Yo quería averiguar por qué lo hacia, por qué esperaba la luz verde al tránsito de un semáforo cualquiera para el salir corriendo hacia el medio de la calle y meter una ramita de helecho o un racimo de bolillas del paraíso por la alcantarilla, en medio de insultos y bocinazos, y volver corriendo a la vereda a juntar restos de los paraguas que yacían desparramados por todos lados.
Sin decir palabra lo ayudé aquella vez. Junté con él varillas dobladas, mangos rotos y telas impermeables, puse todo en una mochila gigante hasta que no entró mas nada, entonces empecé a llevar todo lo que pude bajo los los brazos; y él se dejó seguir, compartimos el fuego y el humo, y anduvimos por túneles de servicio de la ciudad.
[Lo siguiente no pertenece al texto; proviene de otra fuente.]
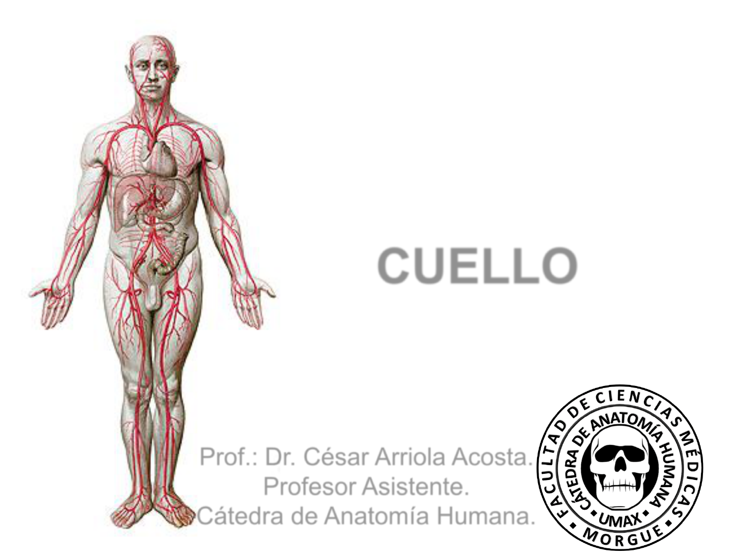 * Prof.: Dr. César Arriola Acosta. Profesor Asistente. Cátedra de Anatomía Humana. CUELLO * Esqueleto óseo de la cabeza y el cuello * Hioides * Hioides Hueso impar, medio, simétrico, situado en la parte anterior del cuello. Convexo por delante, cóncavo por detrás, adopta forma de herradura. Se le considera un cuerpo y cuatro astas. 1º Cuerpo: presenta dos caras (anterior y posterior) y dos bordes (superior e inferior) 2º Astas mayores: se dirigen horizontalmente hacia fuera y atrás. Termina en un vértice, libre para el ligamento tirohioideo lateral. 3º Astas menores: se dirigen de abajo-arriba, de dentro-afuera y de delante-atrás. Su vértice es para el ligamento estilohioideo. * * Músculos del cuello 1º Región lateral: platisma esternocleidomastoideo escalenos 2º Región hioidea: * suprahioideos: digástrico - milohoideo estilohoideo - genihioideo * infrahioideos: esternohioideo - esternotiroideo omohioideo - tirohioideo 3º Región prevertebral: - recto anterior mayor de la cabeza - recto anterior menor de la cabeza - largo del cuello * Musculo platisma * estilohioideo Vientre posterior digástrico Vientre anterior digástrico milohioideo esternocleidomastoideo trapecio * Triangulos del cuello omohioideo Triangulo occipital Triangulo supraclavicular omohioideo Triangulo digástrico Triangulo carotídeo Triangulo muscular * Triangulo carotídeo omohioideo Vientre posterior del digástrico esternocleidomastoideo * Triangulo muscular * Triangulo submentoniano o suprahioideo Triangulo submaxilar o digástrico * milohioideo Musculos suprahioideos Mnemotecnia Diga esto mi general Diga: Digástrico Esto: estilohioideo Mi: milohioideo General: geniohiodeo Vientre anterior digástrico * milohioideo Vientre anterior digástrico Musculos suprahioideos * Musculos suprahioideos * milohioideo Vientre anterior digástrico Vientre posterior digástrico Musculos suprahioideos Musculos infrahioideos * Musculos infrahioideos * Musculos hioideos - acción * Nervios supraclaviculares Contenido del triangulo posterior * Glándula tiroides y paratiroides * Glándula tiroides y paratiroides * Glándula tiroides y paratiroides * Glándula tiroides y paratiroides * Arterias del cuello y cabeza * Mnemotecnia: Ti-li-fa-fa-oc-aupai-te-ma Arteria carótida externa * Ramas de la arteria carótida externa Arteria tiroidea superior Arteria lingual Arteria facial Arteria faríngea ascendente Arteria occipital Arteria auricular posterior Arteria temporal superficial Arteria maxilar interna * * Arteria tiroidea superior Rama infrahioidea Rama esternomastoidea Rama laríngea superior Rama cricotiroidea Ramas glandulares * * Arteria lingual Porciones posterior, profunda y anterior al músculo hiogloso Rama suprahioidea Ramas dorsales de la lengua Rama sublingual Rama profunda de la lengua (ranina) * * Arteria facial Rama palatina ascendente Rama tonsilar Ramas glandulares submaxilares Rama submentoniana Rama labial inferior Rama labial superior Rama nasal externa Rama angular * A. facial * Arteria occipital Porciones: anterior, profunda y posterior al esternocleidomastoideo. Ramas esternomastoideas Ramas menígeas Ramas occipitales * Arteria auricular posterior Ramas parotídeas Ramas esternomastoideas Ramas auriculares Ramas mastoideas * Nervio hipogloso * Arteria temporal superficial Rama transversa de la cara Ramos articulares Ramos auriculares anteriores Ramos frontal y parietal * Arteria temporal superficial * Arteria maxilar interna Porciones y ramas: 1º maxilar; 2º pterigoidea; 3º pterigopalatina Porción maxilar auricular profunda timpánica anterior meníngea media meníngea menor dentaria inferior Porción pterigoidea temporal profunda anterior temporal profunda posterior maseterina bucal pterigoideas Porción pterigopalatina palatina descendente dentaria superior infraorbitaria vidiana faríngea (pterigopalatina) esfenopalatina * Arteria maxilar interna Mnemotecnia: La dentista tia Me-Me busca mas Te-Te para paladear el dentífrico de la infanta Violeta Fariña Dentista: dentaria inferior TIA : timpánica anterior – auricular profunda ME-ME : meníngea media – meníngea menor Busca: bucal Mas: maseterina TE-TE: temporal profunda anterior – temporal profunda posterior Para: pterigoideas Paladear: palatina superior o descendente Dentífrico: dentaria posterosuperior Infanta: infraorbitaria Violeta: vidiana o del conducto pterigoideo Fariña: faríngea o pterigopalatina * Arteria maxilar interna * Arteria maxilar interna * Arteria maxilar interna * Arteria subclavia Arteria vertebral Arteria mamaria interna Tronco costocervical Tronco tirobicervicoescapular Arteria escapular posterior INDIO VER TRES CIERVOS, DE UN TIRO DOS ESCAPAR Y UNO MATAR IN: tronco intercostal superior. VER: arteria vertebral. 3 CIERVOS: 3 arterias cervicales: ascendente, transversa y profunda. 1 TIRO: 1 tiroidea: arteria tiroidea inferior. 2 ESCAPAR: dos arterias escapulares: supraescapular y escapular posterior. 1 MATAR: Una mamaria: arteria mamaria interna. * * Nervio frénico Plexo braquial Musculos escalenos * Musculos prevertebrales *
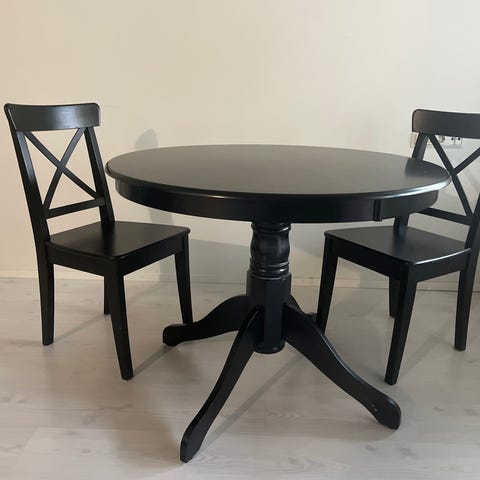 Pyöreä ruokapöytä, jossa on musta saarniviilusta valmistettu pöytälevy ja yhteensopiva musta teräsrunko. Pöytälevy on lakattu, mikä tekee siitä kestävämmän. Ø100 x K75 cm
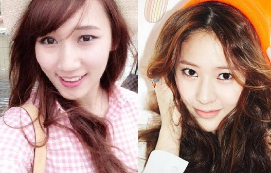 | Nhiều người nhận xét Mai Nhi (bên trái) có vẻ đẹp giống cô gái Hàn Quốc Krystal thuộc ban nhạc f(x) (bên phải). |
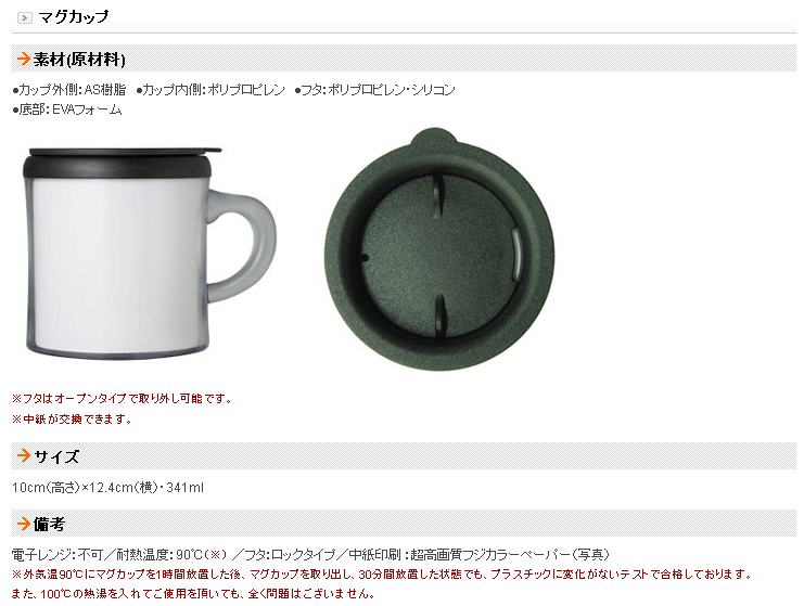 中紙:フジカラー写真プリント カップ外側:AS樹脂 カップ内側:ポリプロピレン・TPEエラストマー フタ:ポリプロピレン・シリコン 底部:EVAフォームまたはTPEラストマー
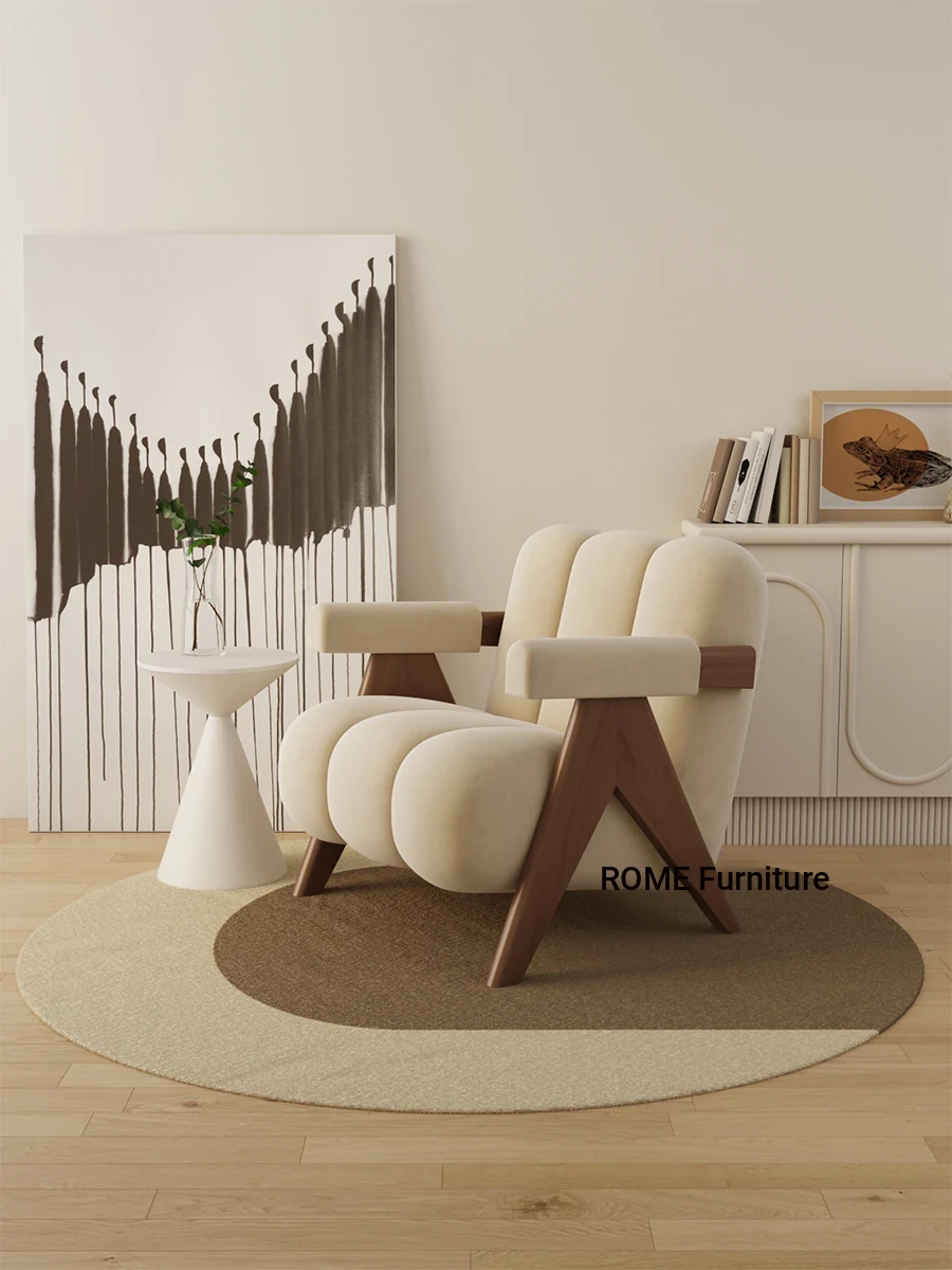 Vintage-Inspired Single Sofa Chair for Living Room - Designer Creamy Aesthetic Armchair for Bedroom and Balcony Relaxation, Perfect for a Cozy and Stylish Home Decor
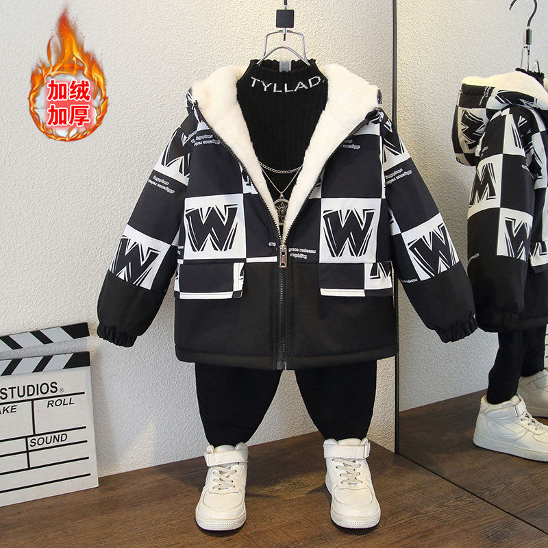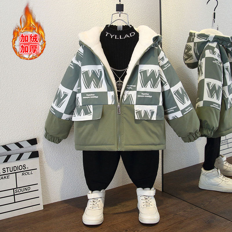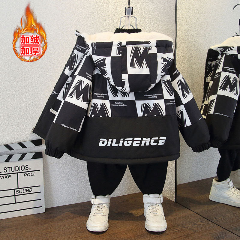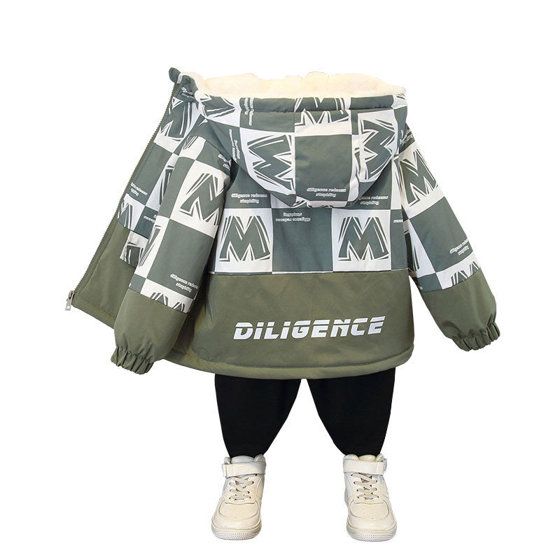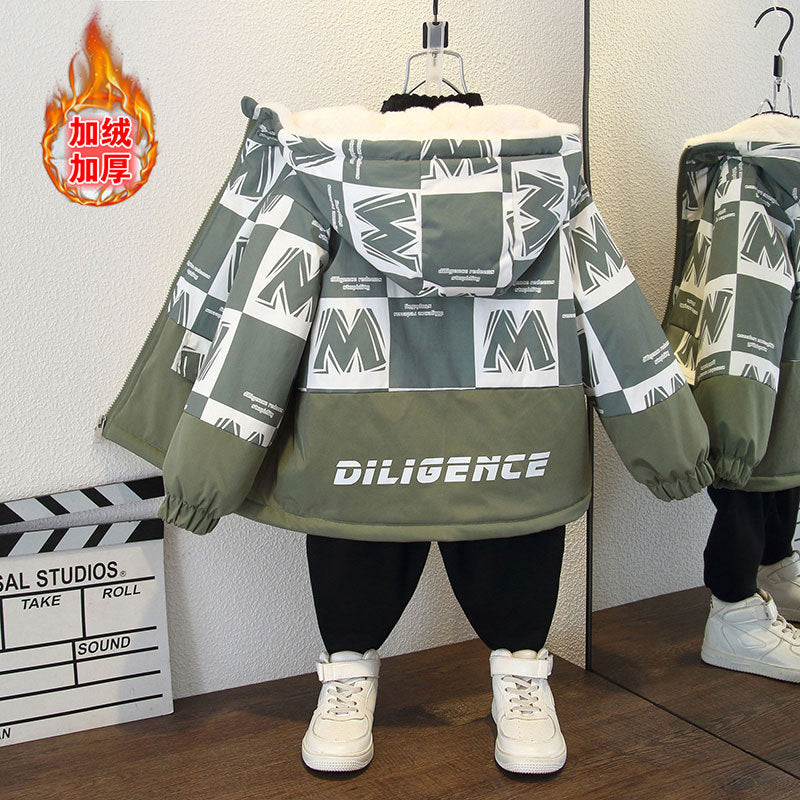 Boys' new winter jacket fleece warm hooded thickened
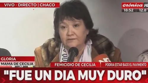 "Fue un día muy duro para mí", sostuvo Gloria Romero, la madre de Cecilia Strzyzowski, la joven desaparecida en Resistencia, cuya búsqueda es investigada como femicidio y por el que hay siete detenidos, en la conferencia de prensa que brindó luego de reconocer una serie de objetos que fueron secuestrados en el marco de los allanamientos, y convocó a una nueva marcha para el domingo próximo.
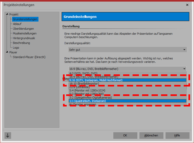 In diesem Beitrag haben wir bereits die Erstellung von Hochkant-Videos in unserer Animationssoftware Stages 10 erklärt. Ab sofort ist auch mit unseren DiaShow-10-Programmen Premium und Ultimate ganz schnell ein Video in 9:16 produziert: durch das aktuelle Update 10.5.13 lassen sich jetzt auch per einfacher Projekteinstellung Hochformat-Vollbild-Videos erstellen und speichern. (Das quadratische 1:1-Format steht weiterhin in allen Programmen zur Auswahl.)
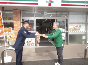 岡﨑署長が「犯罪抑止、交通事故防止への広報活動にご協力していただきありがとうございます。引き続き、警察活動へのご協力をお願いします。」と感謝の意を伝えると、鈴木さんらは「ありがとうございます。今後も、犯罪抑止、交通事故防止に協力します。」などと感想を述べられました。
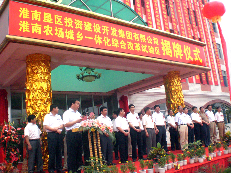 7月28日,淮南农场城乡一体化综合改革试验区、淮南垦区投资建设开发集团有限公司揭牌庆典在淮南农场场部举行。出席揭牌庆典的领导和嘉宾有:中共淮南市委书记、市人大主任杨振超,省农垦集团公司党委书记、董事长田文俊,淮南市政府市长曹勇,省农垦集团公司总经理李卓民,安徽省国资委第六监事会主席李永江,省农垦集团公司副总经理程军、李家堂,淮南市委常委潘祖华、何小祥、董庆、李忠、戴启远,市政协副主席方严、市政府副市长谌伟、市政府秘书长戴多斌,淮南市有关部门领导、省农垦集团公司机关各部门和农垦各下属企业领导以及淮南市企业界、新闻界领导等。揭牌庆典仪式由淮南市委常委、常务副市长戴启远主持。
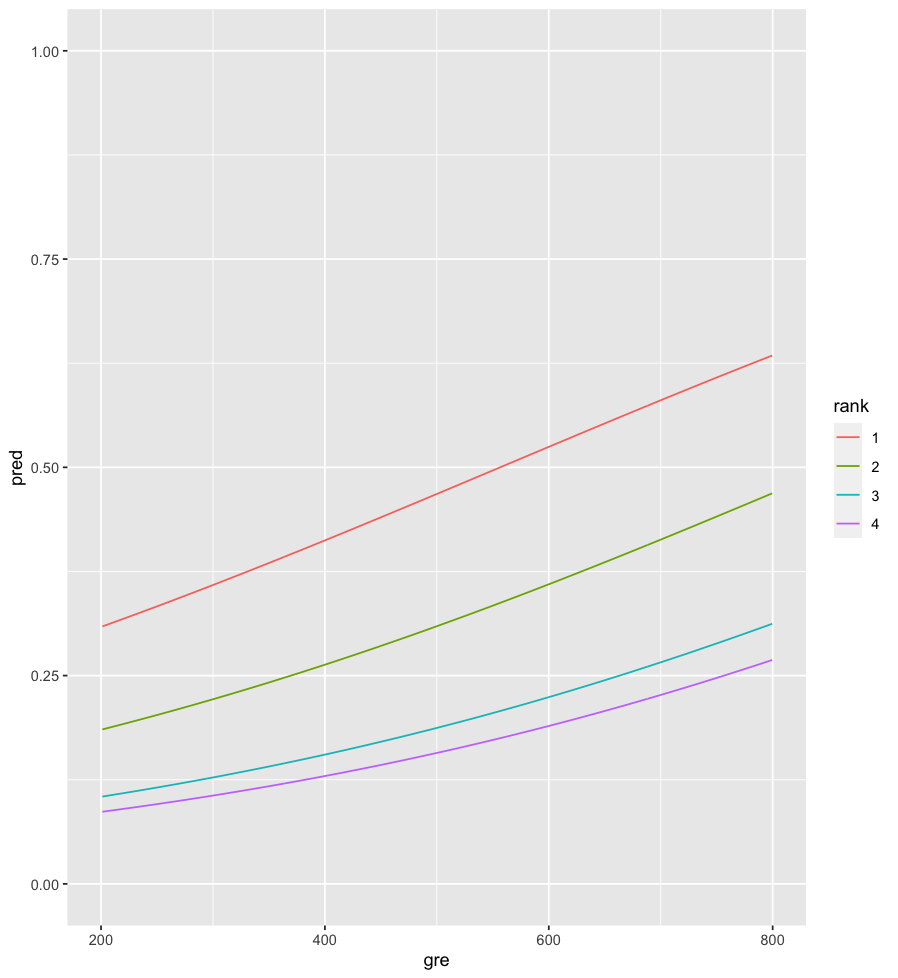 ggplot(mapping=aes(x=gre, y=pred, color = rank)) + geom_line() +
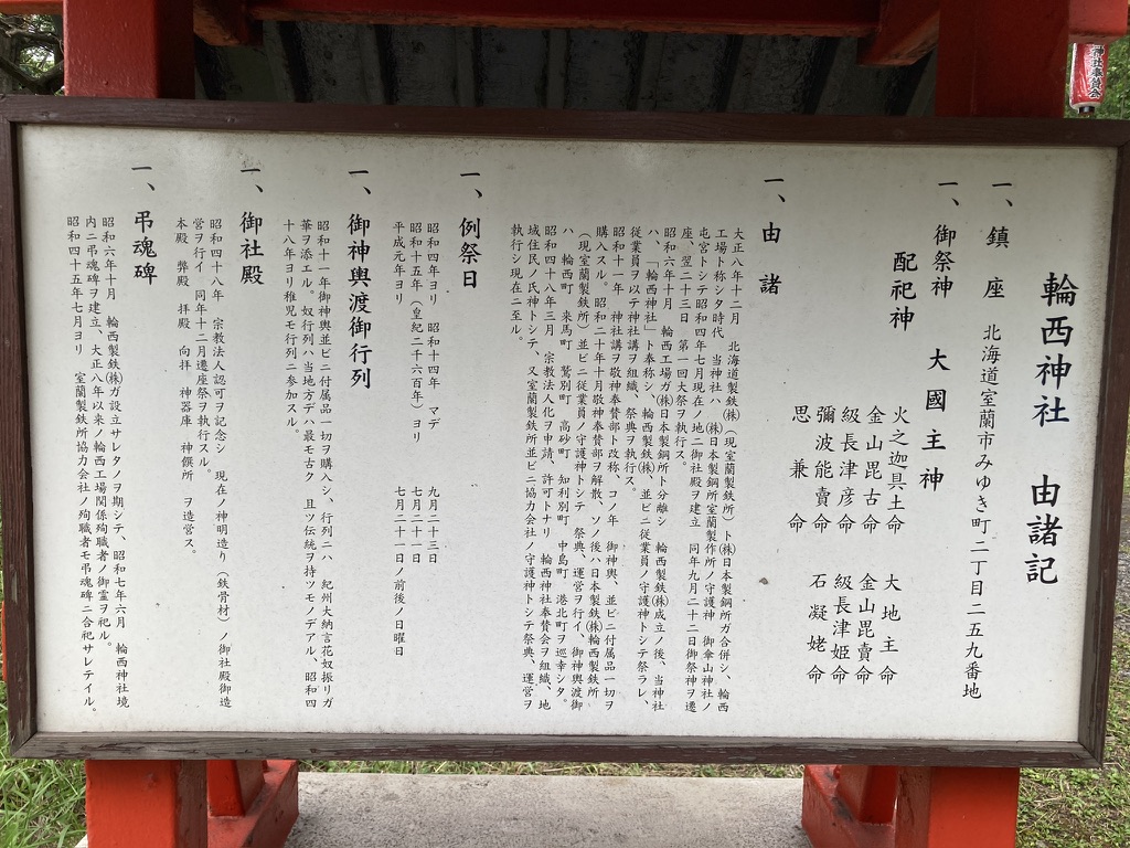 興味深かったのは、輪西神社は鉄鋼産業と深く関わっていたことが、現地の説明由緒書きの掲示から分かったこと。
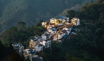 贵州省黔西南布依族苗族自治州望谟县油迈瑶族乡坝令布依寨的清晨。群山簇拥的美丽乡村。
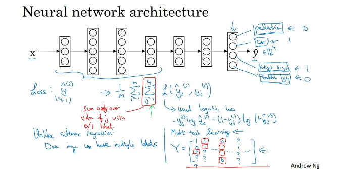 개별 네트워크로 만들 수도 있지만, 신경망의 초반 특성 일부가 다양한 물체들 간에 공유될 수 있는 경우 한 개의 신경망을 훈련시켜 네 개의 일을 할 수 있도록 하는 편이 더 성능이 좋다.
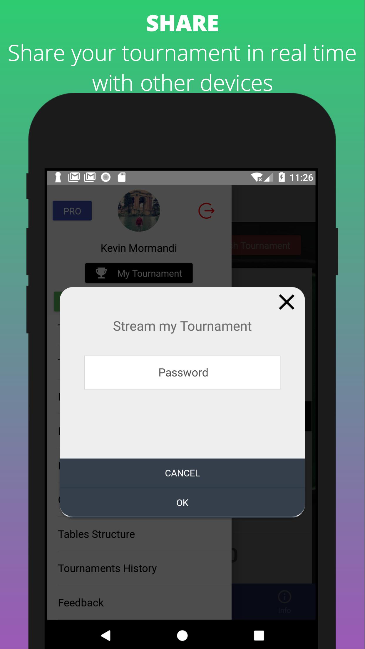 คุณสามารถสตรีมทัวร์นาเมนต์ของคุณไปยังอุปกรณ์อื่น ๆ ได้ดังนั้นอุปกรณ์หลายตัวจะสามารถจัดการการแข่งขันในเรียลไทม์และการแข่งขันสามารถสะท้อนได้ในอุปกรณ์อื่น ๆ แบบเรียลไทม์

Nos encontramos con otros hombres sucios que nunca salían a la superficie, quienes, cuando sonaban las bocinas, recogían helechos y bolillas del paraíso que caían de las alcantarilla, y después de mucho andar en lo oscuro, en la humedad y la pestilencia, cargados hasta el limite, llegamos hasta la desembocadura de un caño y una playa de escombros donde nunca llueve, y donde los paraguas rotos y muertos encuentran el último descanso.
La suave brisa silbaba sobre la blancos pedazos de yeso y restos de ladrillos, varillas desparramadas por todos lados, mangos que usaban como asas y manijas; iglues circulares hechos con telas sintéticas eran el refugio de estas personas pintadas, y sobre los hierros de obra torcidos, oxidados, un hombre sucio se acercaba a mi silente guía agitando la tela de un paraguas blanco, enorme, con el logo de un banco serigrafiado en las orillas, y ambos saltaron de alegría.
Me invitaron al iglú central, mas grande que los otros, hecho con cientos de telas de paraguas y con espacio para diez personas, y dentro, apoyado sobre un cajón de manzanas adornado con varillar plateadas, había un proyector de diapositivas que tratarian de usar, mas adelante, con la tela blanca serigrafiada como pantalla. Vi las filminas a trasluz, escenas de otra época, de selvas, de gente de color. Escenas que los hombres pintados trataban de imitar, tiñiendose con humo y sembrando helechos en escombros.
Pobre gente, me dijo Paula. Pero en el cementerio de los paraguas no llueve, y si el viento te retuerce el paraguas o te lo deja en furma de copa, es motivo de alegría.

2 comentarios:

Zeithgeist dijo...

simplemente sublime man...
me hiciste acordar a algo mucho mas oscuro que supe leer sobre la gente de las alcantarillas, pero no viene al caso. Lo tuyo destila alegría (aunque parezca q no jajaj)

Thotila dijo...

Se agredece el comentario. Y si, se me hace facil, ahora, despues de tantos grandes, escribir algo oscuro y sniestro. Prefiero lo sencillo, poco emotivo. La emocion la aporta el que lo lee.